If more nodes join the network, more arbiters will check everything that happens in Bitcoin. If more nodes join the network, there will be more copies of the entire blockchain. If more nodes join the network, there will be more guarantees that each actor is behaving the way they should. Every time a node joins the Bitcoin network, anyone who wants to attack it will have to cut off an additional head in order to kill this cash hydra called Bitcoin. If you haven’t run a node yet, it’s time to do your part.
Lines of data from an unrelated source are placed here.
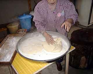 もちのかたまりから小もちの元をひねり出します。かんたんなようで、これがなかなかむずかしいワザなのです。 どのもちも同じくらいの大きさにするのって、けっこうたいへんです。 やはり、おばあちゃんが一番じょうずです。 |
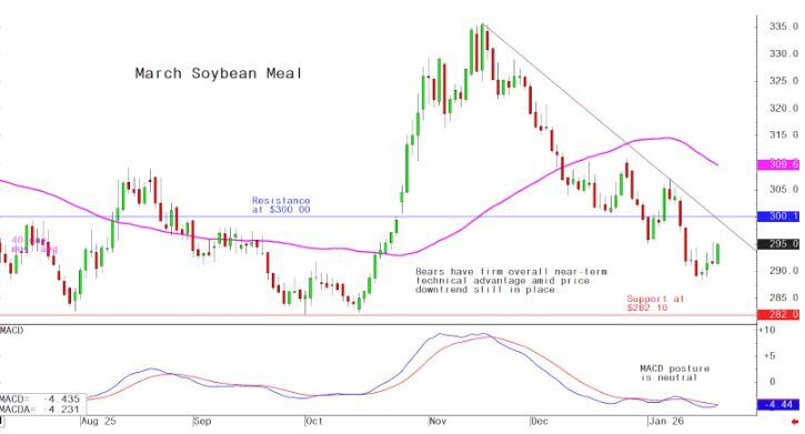 March soybean meal futures--$288.40 to $306.90, and with a sideways-higher bias
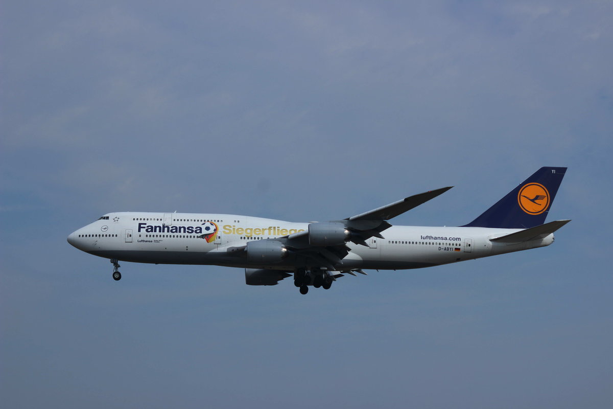 Der Siegerflieger der Lufthansa, in Form einer Boeing 747-8 D-ABYI ließ sich am 28.7.14 ebenfalls in Frankfurt blicken.
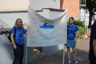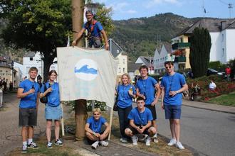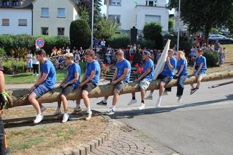 Einige Stunden später, fuhr man mit Baum, Trillerpfeife und Gesang, Richtung Heimatort. Hier angekommen, gab es eine kurze Verschnaufpause mit der dazu gehörenden Stärkung. Unter den Klängen des Fanfarenzuges Koblenz-Karthause 1964 e.V., wurden der herrlich geschmückte Baum und der diesjährige Kirmesjahrgang musikalisch auf den Theodor-Hoffmann-Platz geleitet. Die Koblenzer Musikfreunde, hatten den musikalischen Teil für den Fanfarenzug Bad Salzig übernommen, da der zeitgleich sein 70-jähriges Jubiläum feierte.

Unfortunately, and unbeknownst to the majority of Bitcoin users, the vast majority are miners no Running a node at present. Providing valid shares to the pool operator is all that is necessary to get paid for their work. It is commonly said that miners are paid by the network to protect it from all hostile attacks by building a wall of energy that is so dense that it is impossible to penetrate. However, if we were to continue with this analogy, what we notice is that miners are employees of the pools, not of the Bitcoin network. There is no direct connection between miners and the network. Miners effectively sell computing power in the form of hash rate to pools. The responsibility for choosing which transactions take place in a block, creating the blocks themselves, publishing said existing blocks throughout the network and receiving all necessary information is delegated to the pools. This effectively means that pools are either monitoring the network or not, thus undermining Satoshi’s original vision of an open, permissionless protocol for value transfer.
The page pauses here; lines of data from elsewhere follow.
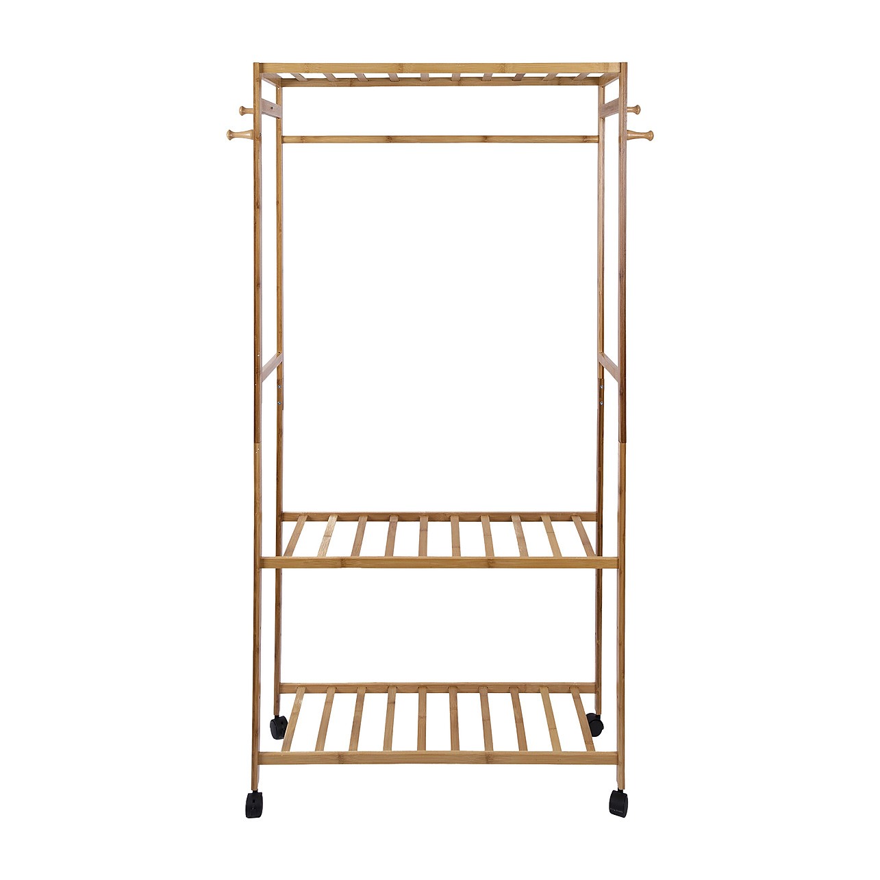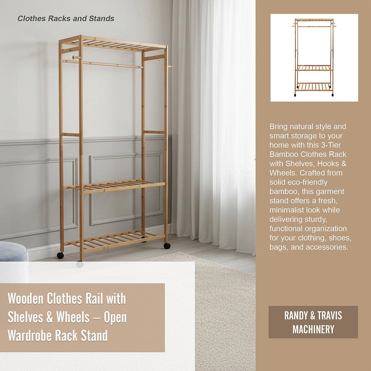 Bring natural style and smart storage to your home with this 3-Tier Bamboo Clothes Rack with Shelves, Hooks & Wheels. Crafted from solid eco-friendly bamboo, this garment stand offers a fresh, minimalist look while delivering sturdy, functional organization for your clothing, shoes, bags, and accessories. Featuring a hanging rod, side hooks, and 3 spacious shelves, it's perfect for creating a clean, tidy space in bedrooms, entryways, laundry rooms, or retail environments.
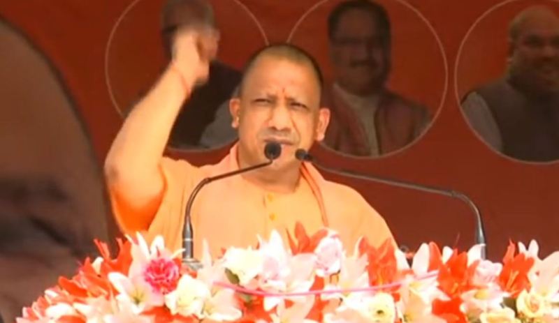 योगी आदित्यनाथ असम में चुनावी सभा को संबोधित करते हुए
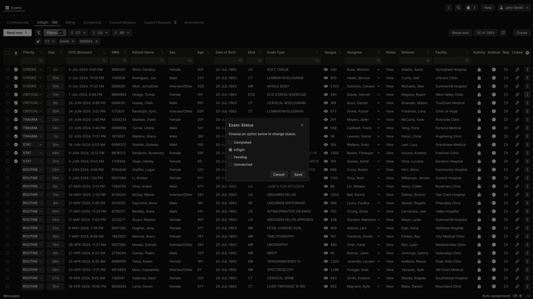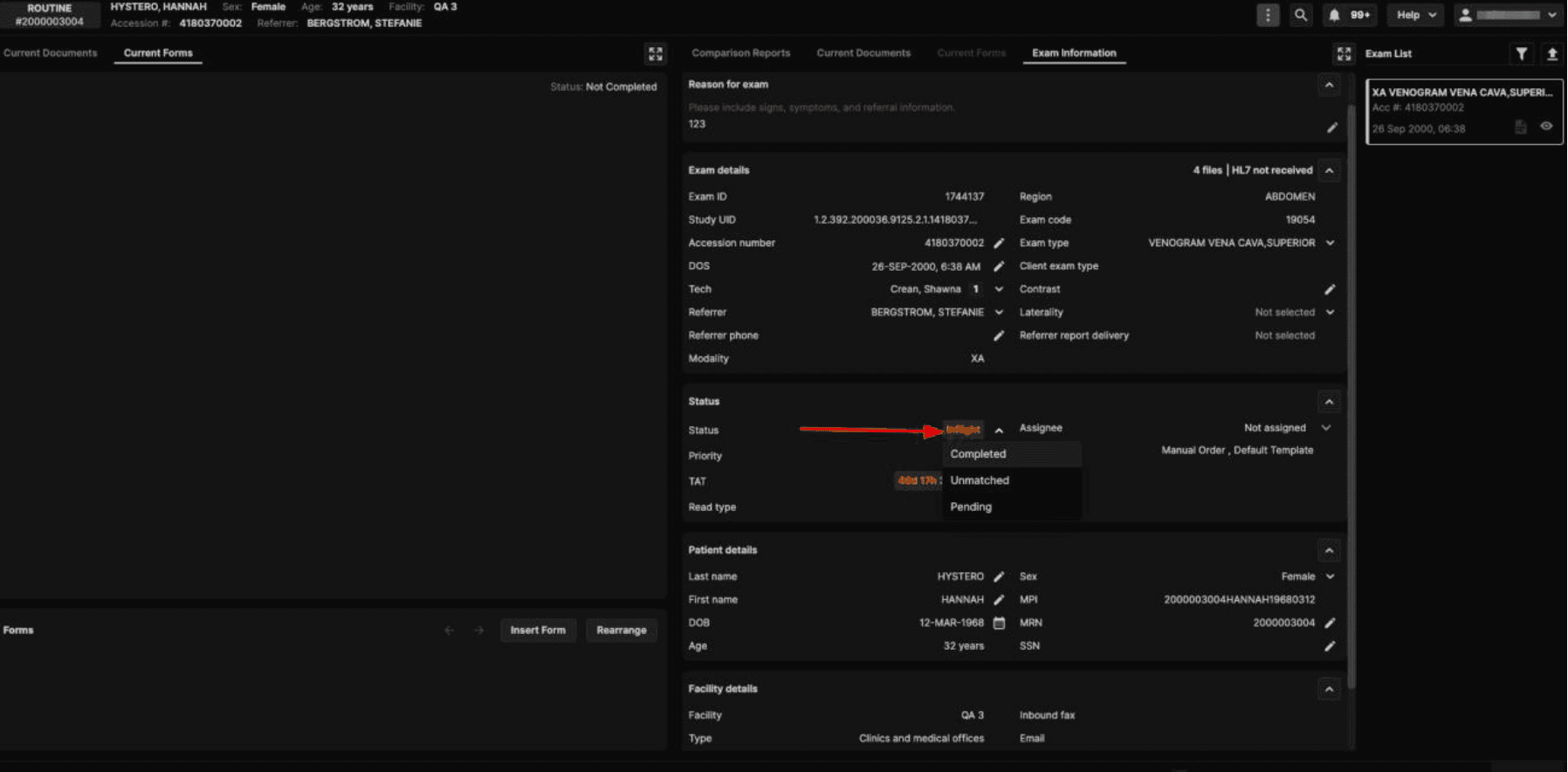 The ability to manually change exam status through the UI is controlled by role-based permissions. As this functionality is intended for troubleshooting rather than routine use, it is recommended that access be limited to administrators. |
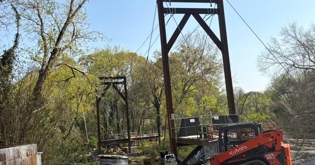 Segment 1 will run for .8 miles total, beginning at the western edge of the low-rise Peachtree Park Apartments and wending south along Peachtree Creek. (The cable-stay suspension bridge is situated basically next door to the apartments.) The Beltline’s initial timeline called for opening the segment in June, but the “unforeseen conditions” have pushed that back significantly—to 2027 or early 2028, according to a project update.
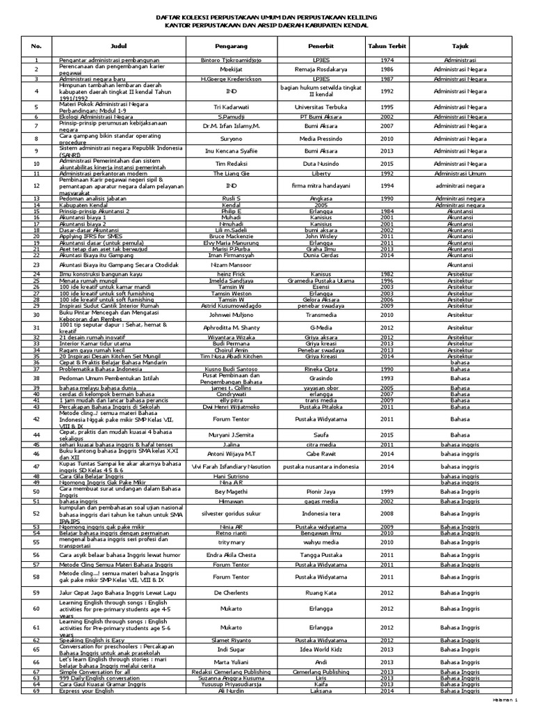 Daftar Koleksi Perpustakaan Kabupaten Kendal Pdf
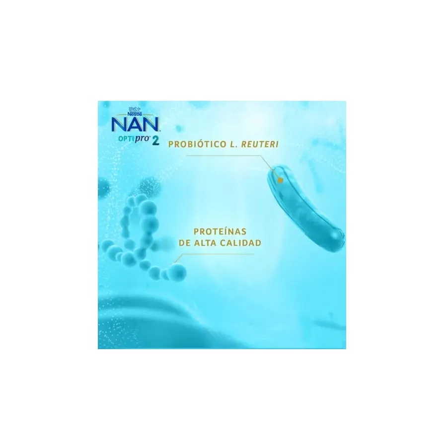 NAN OPTIPRO 2 de Nestlé es la opción perfecta para brindar a tu bebé una alimentación equilibrada y nutritiva. ¡Asegura su bienestar y desarrollo con cada biberón!
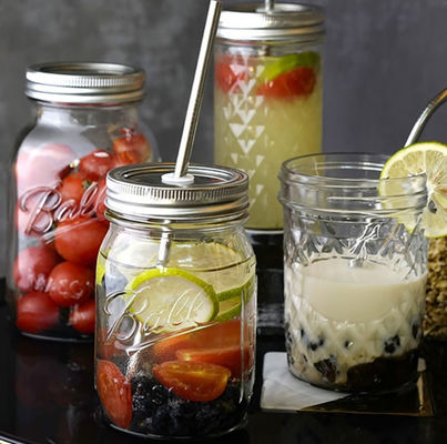 مورد جرة زجاجية بالجملة ذات فم واسع برطمانات ماسون 8 أوقية 16 أونصة زجاجات تخزين زجاجية مع الطباعة
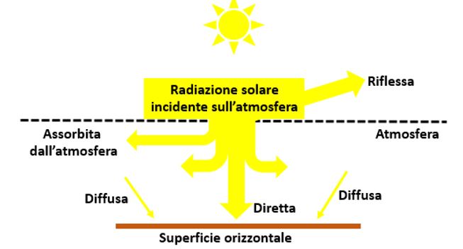 La parte diretta più quella diffusa rappresenta la Radiazione Globale. Se la superficie non è orizzontale ma inclinata si aggiunge anche la radiazione riflessa.

Moreover, if the level of decentralization is not reduced enough because of this, there are proxy groups. Proxy pools are basically a wolf in sheep’s clothing. Same pool but different brand This means that if some large pool A has 20% of the hash rate, but 3 smaller pools B, C, and D have 5% each, then pool A effectively controls 35% of the hash rate. That would be enough to carry out a selfish mining attack and damage the network. Thus, what we end up with is just a few “master” aggregator nodes that determine the transactions that reach the blockchain. This situation does not seem very decentralized. That’s because it’s not. Fortunately, there is a way to fix this. It is called class V2.

Stratum V2 is a new mining protocol that hopes to introduce a series of new features that make Bitcoin mining safer, more efficient, and of course, more decentralized. Its open source reference implementation was developed by an independent community of over 15 developers over the past three years, and tested with over 30,000 downstream users. With this new protocol, Bitcoin decentralization can reach new heights. How, you may ask? By giving miners the ability to create their own block templates and choose which transactions are included in the blocks. To obtain this ability, miners must run a node. More nodes means a more decentralized and robust network. Once all miners become building blocks and not pools, we could finally see Bitcoin take another step towards invincible decentralization.
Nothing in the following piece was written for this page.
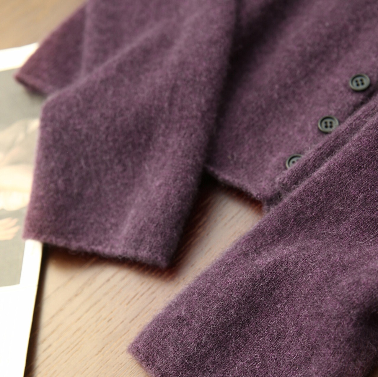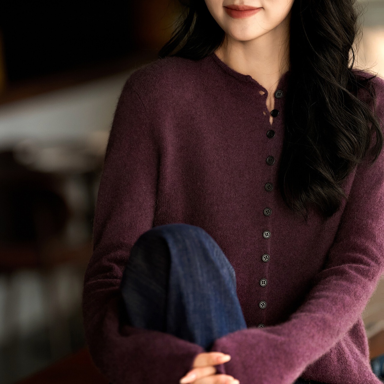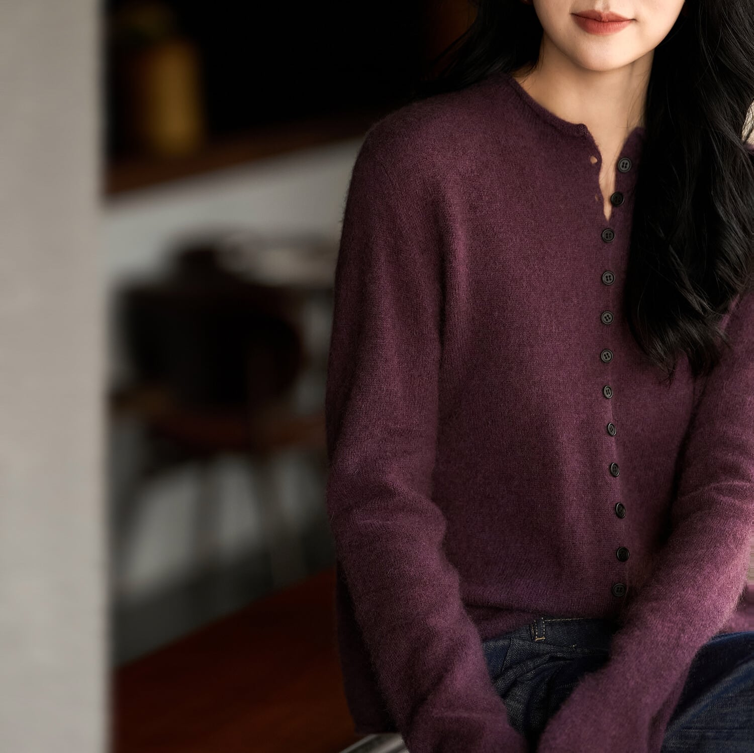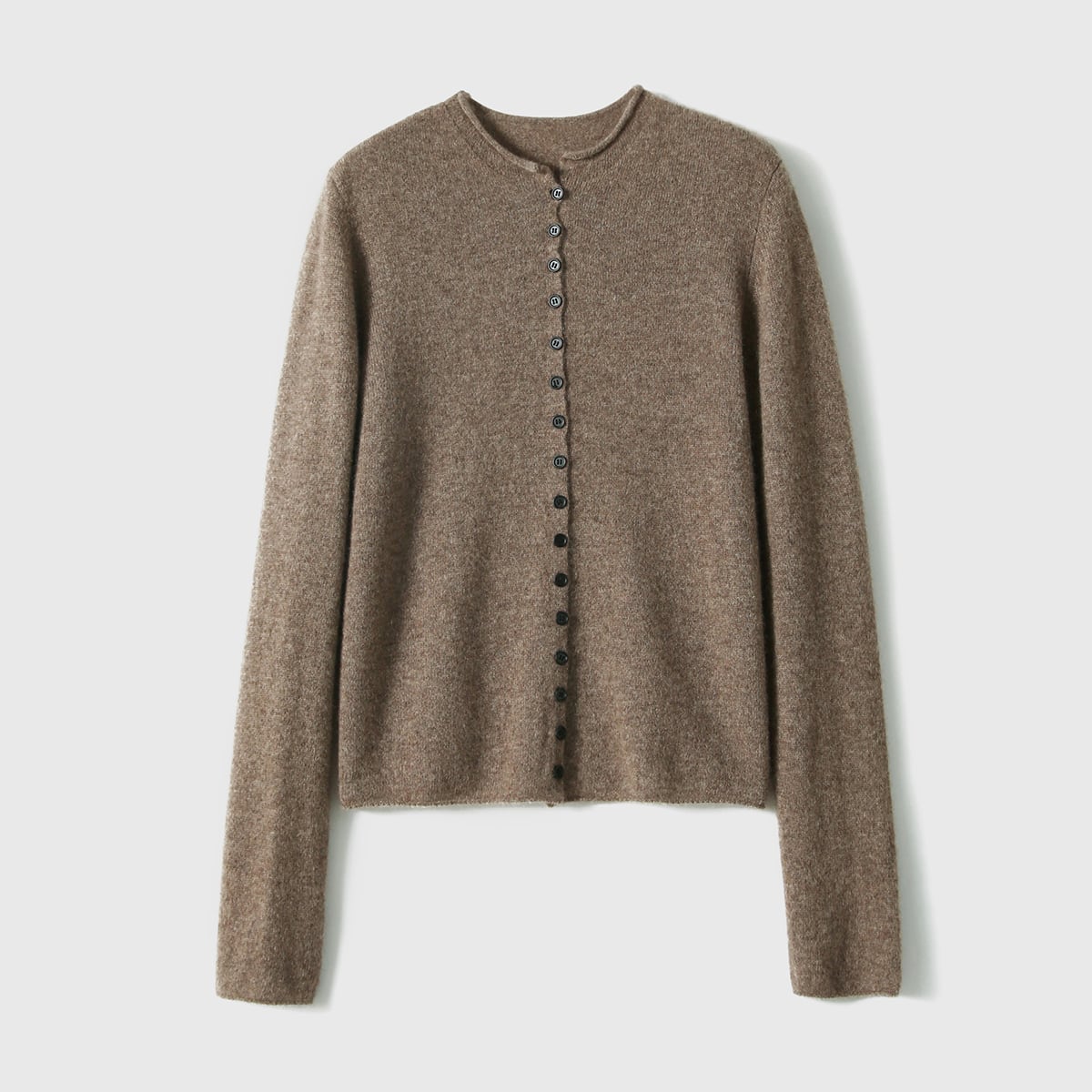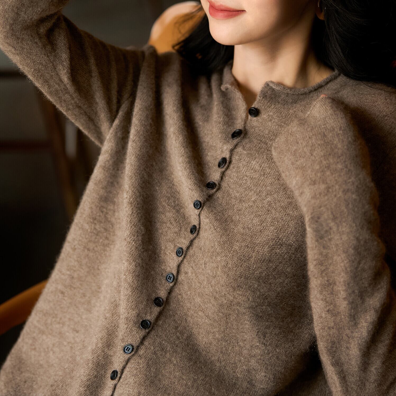 暖かみのあるヤクウールを使用した、ボタンフロントニットカーディガン。

The DEMAND pool is the first mining pool to implement the reference implementation of the Stratum V2 protocol. Our mission is first and foremost to contribute to the decentralization of the network and end the threat of censorship to Bitcoin. If you’re a miner and want to be in the driver’s seat, consider joining our group. Special lifetime terms and other benefits will be available to founding members of our group.

It’s time to improve Bitcoin’s decentralization. Are you coming?

This is a guest post by Francisco Montero. The opinions expressed are entirely their own and do not necessarily reflect the opinions of BTC Inc or Bitcoin Magazine.